Ajay Sabherwal, Chief Financial Officer

So Marc, a great question. CAPEX is going to be high this year. We're thinking around $70 million, in that ZIP code, which is more than the typical $35 million to $40 million that we spend because we have a major project in New York. We are consolidating our office space and building out a new space there. And that's more than half of that. So this is the CAPEX and we also have the change-out of our ERP systems that too is taking place this year. So that's the answer to your question.

Marc Riddick, Analyst

So do you think that's going to be contained at 2021 or do we think that's going to go into 2022 with those projects?

Ajay Sabherwal, Chief Financial Officer

No, this is a once in a lifetime. Actually, I'm not masochistic to do ERP systems every year.

Steven H. Gunby, President and CEO

Ajay, I thought you were asking me because you wanted to do those every year. It was so much fun, Ajay. Did I misunderstand?
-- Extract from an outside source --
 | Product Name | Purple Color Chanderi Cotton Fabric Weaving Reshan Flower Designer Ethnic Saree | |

Ajay Sabherwal, Chief Financial Officer

And New York real estate is a once in a lifetime.

Marc Riddick, Analyst

Okay, and then switching focus, there's certainly a good amount of headcount additions towards the end of the year. I was wondering if you could discuss the opportunity sets regarding headcount and the targeted areas that you might prioritize, considering what you're currently observing in the marketplace.
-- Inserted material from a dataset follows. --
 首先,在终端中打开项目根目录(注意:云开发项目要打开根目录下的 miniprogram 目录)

Steven H. Gunby, President and CEO

I think our leaders are focused on strategies for growth, and where we believe in those strategies, we support adding headcount. Every part of our business has shown it can grow. When I arrived, I had to address some areas that weren't positioned to grow, but now every one of our businesses and regions is prepared for expansion. However, some businesses initially anticipated more growth last year due to COVID, resulting in hiring for growth that didn't materialize. Consequently, they are adjusting their hiring expectations for this year, particularly in areas that experienced inactivity last year. While some parts of the business were very active and can still increase headcount, overall, every business and region will add headcount over the long term, though the pace will vary by sub-business this year due to the previous overestimation of growth prior to COVID. Does that make sense, Marc?

Marc Riddick, Analyst

Yes, it does. I was curious about the teams and the activities they're involved in. Can you share some insights on the complexity of those large projects? Do you feel that the complexity of the current work is comparable to what you've encountered in the past, or has the impact of COVID introduced additional layers of complexity that require more expertise?
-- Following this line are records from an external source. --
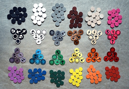 On the right are my presence tokens and reminder tokens. Along the bottom of the image are the six colors of presence tokens that come with the game. Along the top are six more colors that I ordered from a game supplier, colored wooden discs slightly larger (15mm x 4mm) than the originals. In the middle are reminder tokens in all twelve colors, which I made from 20mm unfinished wooden discs, colored with Copic markers and inked with black pens (except the white on black which was black sharpie and white out) then coated with clear satin spray. This was my big project in the winter of Covid.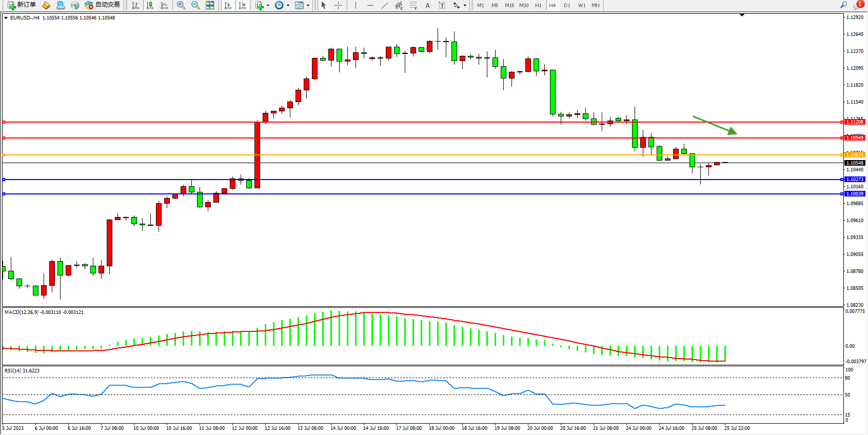 备选策略:1.10674上方看涨,目标1.10949  1.11208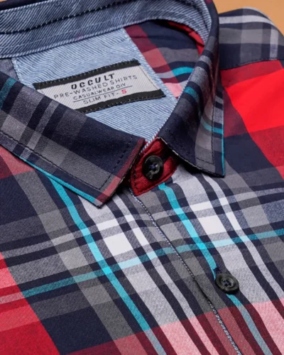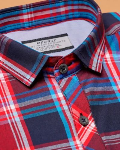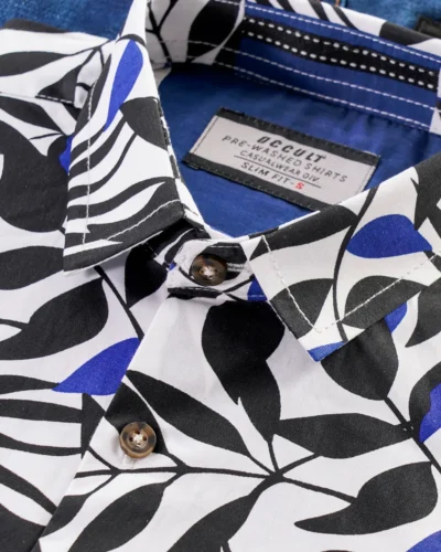 Cotton narrow collar regular fit woven printed shirt | Royal Blue

Steven H. Gunby, President and CEO

That's a great question. I'm not sure I have a definitive answer, but I want to emphasize that as we've strengthened our firm recently, we are increasingly handling some of the largest projects in the world, which tend to be the most complex. Our growth over the past few years has been driven by gaining a larger share of significant global jobs and the most complicated tasks. With our enhanced capabilities, we are becoming the go-to choice for these types of projects. While I don't think we've disclosed client names, the global restructuring cases we are managing now are ones we wouldn't have had a decade ago due to a lack of global capabilities. These complex jobs are now within our reach because we can manage challenging situations effectively. Similarly, our technology practice is a high-end global business that is frequently engaged with the most complicated projects. The increasing complexity in the world serves us well, even if it may not be beneficial for everyone else. If COVID contributes to this complexity, it will likely provide additional momentum for our business. Does that provide some clarity, Marc?

Marc Riddick, Analyst

Very much so. Thank you very much.

Steven H. Gunby, President and CEO

Thank you all for your continued attention during this challenging year. I wish each of you good health and the best for you and your families. Thanks.

Operator, Operator

This concludes our question-and-answer session which also concludes our conference. Thank you for attending today’s presentation. You may now disconnect.